Я знавал Мифотворца при Трайгрине. Вернее, Мифотворицу. Злобная такая старуха, с дымящейся трубкой в желтых зубах, горбатенькая, нос до губы свисает… Одного ее вида хватало, чтобы все вокруг поминали Бога Смерти Эрлика и сплевывали от сглаза. На мифы она не тянула, нет, хоть и неглупа была бабка, а вот сказок вокруг нее – как блох на собаке…

Хлопнула дверь. Забытая бутылка упала со стола и, стуча по коврику, откатилась в угол. Я с трудом приподнялся, морщась и глубоко дыша, и увидел пустую комнату.

Моих возражений попросту не расслышали. Не до того, видно, было.

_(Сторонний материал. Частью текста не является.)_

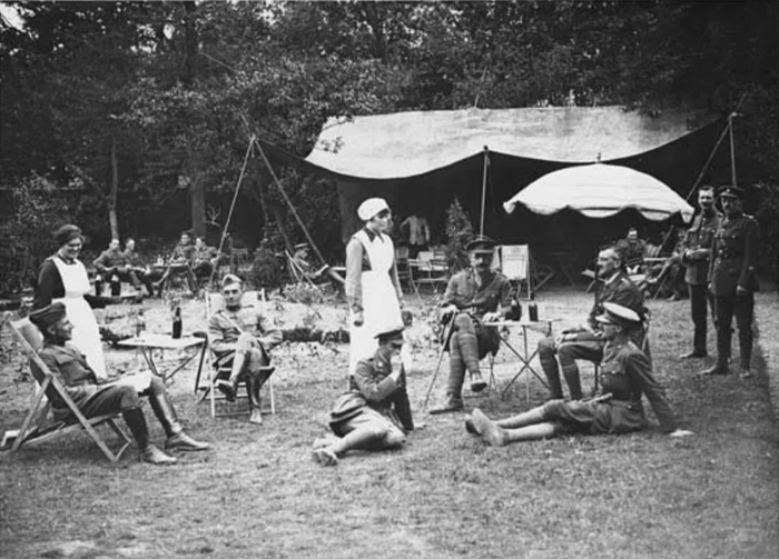 К фото - На этой фотографии изображены американские офицеры (слева) и британские офицеры (справа), пьющие пиво c британскими медсестрами во время увольнения с фронта в 1918 году. Поскольку американские военные не получали алкоголь в своем пайке, выпивка в тылу была единственным вариантом, который оставался у "джи-ай".

Я вылез из-под одеяла, кряхтя и ругаясь, оделся, спустился по лестнице – на этот раз винтовой и почему-то без перил, – нашел нужную комнату, нужную дверь (балдахин был, а кровать отсутствовала) и вышел на площадь.

На крупный булыжник площади Хрогди-Йель перед приземистым храмом Эрлика, Зеницы Мрака.

– Куда прешь, козел? – хмуро сообщил мне вислоусый ремесленник из задних рядов гудящей толпы. – И без тебя тесно…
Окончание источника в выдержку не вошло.